For an observational period of 18 years, 204 patients with RRMS were followed and treated with DMTs. Treatment options for first-line DMTs included interferon β or glatiramer acetate. Therapies after treatment failure, defined as the occurrence of 2 or more relapses within 1 year despite first-line agents used for at least 6 months, included mitoxantrone, cyclophosphamide, natalizumab, or fingolimod. SPMS was confirmed when an expanded disability status scale (EDSS) score of ≥3 had a 6-month worsening to EDSS ≥4 without relapse. An EDSS score of 3 represented moderate disability while an EDSS of 6 meant increased/severe disability.

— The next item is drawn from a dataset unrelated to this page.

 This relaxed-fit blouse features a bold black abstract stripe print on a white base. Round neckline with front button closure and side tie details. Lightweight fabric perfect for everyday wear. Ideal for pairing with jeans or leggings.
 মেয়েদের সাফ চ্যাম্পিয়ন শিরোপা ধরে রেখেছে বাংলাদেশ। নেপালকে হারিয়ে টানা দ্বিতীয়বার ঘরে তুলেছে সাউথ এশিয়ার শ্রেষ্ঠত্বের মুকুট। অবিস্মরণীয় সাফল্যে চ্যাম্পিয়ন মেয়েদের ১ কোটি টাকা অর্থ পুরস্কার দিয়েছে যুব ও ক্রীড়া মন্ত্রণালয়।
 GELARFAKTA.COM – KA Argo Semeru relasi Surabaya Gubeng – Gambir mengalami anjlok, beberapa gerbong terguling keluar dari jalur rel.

From the first MS onset, 109 patients (53.4%) reached an EDSS of 3 within an average time of 14.1 years. Of the 109 patients, 40 worsened to an EDSS score of 6 after an average of 13.4 years. Researchers found that 74 patients (36.3%) converted to SPMS at an average of about 8 years, with 40 reaching an EDSS score of 6 after a mean time of 9 years. Forty patients (19%) had an EDSS score of 6 at an approximate mean time of 19.9 years. Additionally, 52 patients who started second-line DMTs after SPMS progressed to an EDSS of 6 after an average time of 12 years from MS onset. Study authors also found that 9.5% of patients reached an EDSS of 6 in patients with RRMS who changed to second-line DMTs after an approximated time of 21 years.

Variables attributed to an EDSS of 3 included older age and multifocal syndromes at disease onset. Variables predictive of SPMS and an EDSS of 6 included older age, multifocal syndromes at disease onset, time to an EDSS of 3, and treatment failures.

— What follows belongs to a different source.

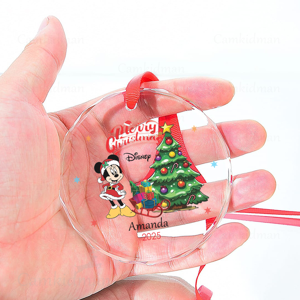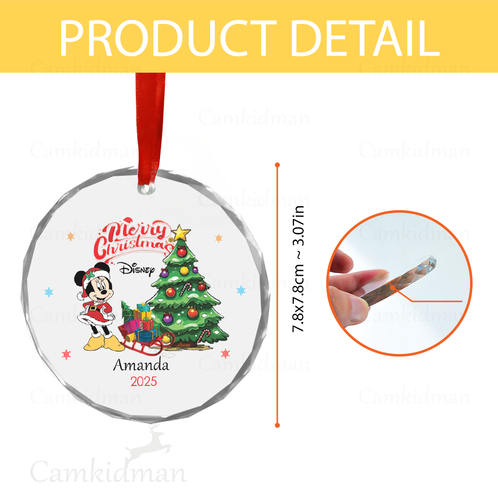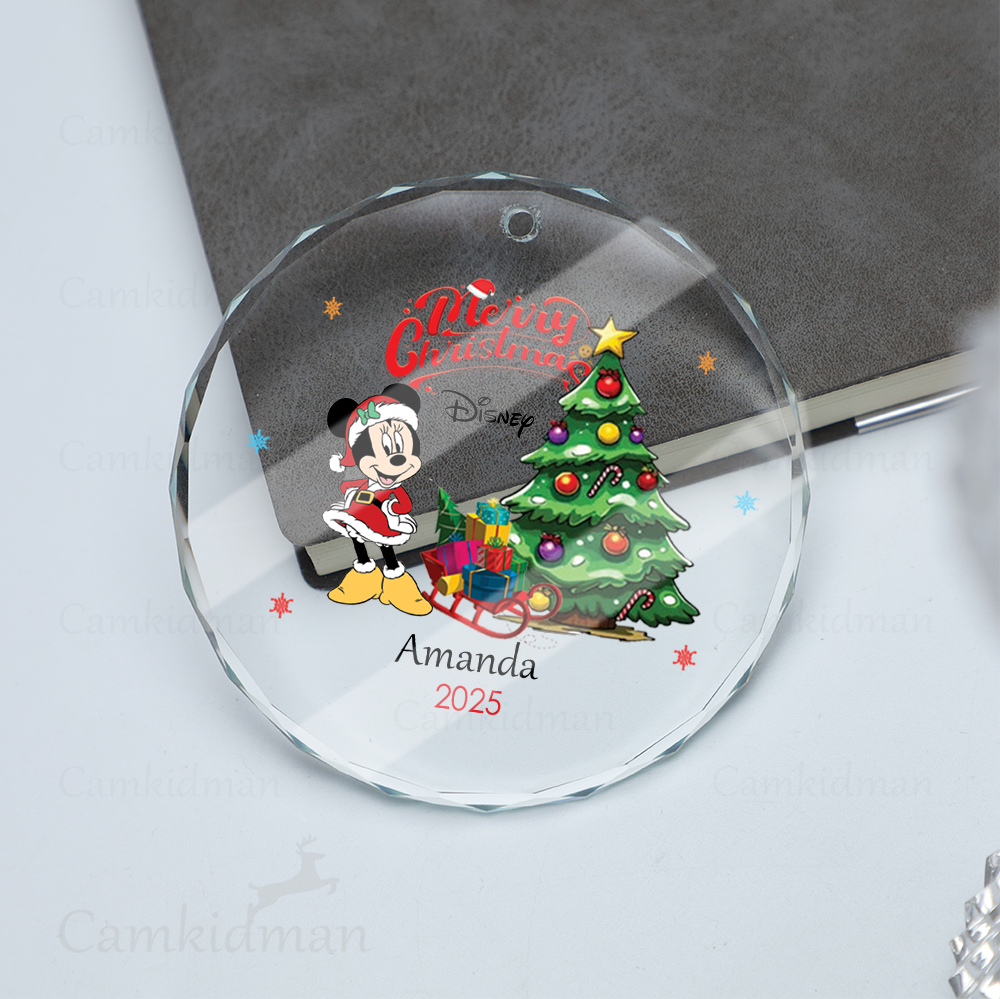 Personalized Name Disney Mickey with Christmas Tree Glass Ornament

From the results of this study, the authors concluded that DMTs decreased the number of patients attaining an EDSS of 3 and 6 while also reducing the rate of conversion to SPMS. However, DMTs did not have an impact on the time to an EDSS of 6 from disease onset or SPMS. Time to SPMS conversion was also not affected by DMTs, suggesting that MS progression has mechanisms that DMTs do not control. Because DMTs have been unable delay time to SPMS and disability progression, the study authors recommend additional research in this area to better manage these patients.

Reference

Coret F, Pérez-Miralles FC, Gascón F, et al. Onset of secondary progressive multiple sclerosis is not influenced by current relapsing multiple sclerosis therapies. Mult Scler J Exp Transl Clin. 2018;4(2):1-12. doi:10.1177/2055217318783347.